**What you should do:** The stretch from the line with "Redeemer Classics for" through the line with "Volunteers Needed! Thank" in the records below: write it out exactly, and nothing else.

**Dataset content:**
*** Block opens ***

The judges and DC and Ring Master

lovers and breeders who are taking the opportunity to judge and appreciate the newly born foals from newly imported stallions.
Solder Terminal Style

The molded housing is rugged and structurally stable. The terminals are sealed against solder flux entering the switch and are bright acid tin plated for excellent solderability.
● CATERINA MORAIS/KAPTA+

*** Block closes ***
*** Block opens ***

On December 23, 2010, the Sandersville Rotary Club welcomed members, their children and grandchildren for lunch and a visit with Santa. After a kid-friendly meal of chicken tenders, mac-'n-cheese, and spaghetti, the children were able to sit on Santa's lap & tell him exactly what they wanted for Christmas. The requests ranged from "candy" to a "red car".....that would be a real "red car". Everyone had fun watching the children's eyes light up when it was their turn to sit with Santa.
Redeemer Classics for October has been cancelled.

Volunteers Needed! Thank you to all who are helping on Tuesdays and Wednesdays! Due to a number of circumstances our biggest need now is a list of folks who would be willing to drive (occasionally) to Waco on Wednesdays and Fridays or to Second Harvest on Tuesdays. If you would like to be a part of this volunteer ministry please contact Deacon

*** Block closes ***
*** Block opens ***

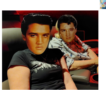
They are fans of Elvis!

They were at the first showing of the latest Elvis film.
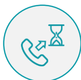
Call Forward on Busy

*** Block closes ***

**Answer box:**
Redeemer Classics for October has been cancelled.

Volunteers Needed! Thank you to all who are helping on Tuesdays and Wednesdays! Due to a number of circumstances our biggest need now is a list of folks who would be willing to drive (occasionally) to Waco on Wednesdays and Fridays or to Second Harvest on Tuesdays. If you would like to be a part of this volunteer ministry please contact Deacon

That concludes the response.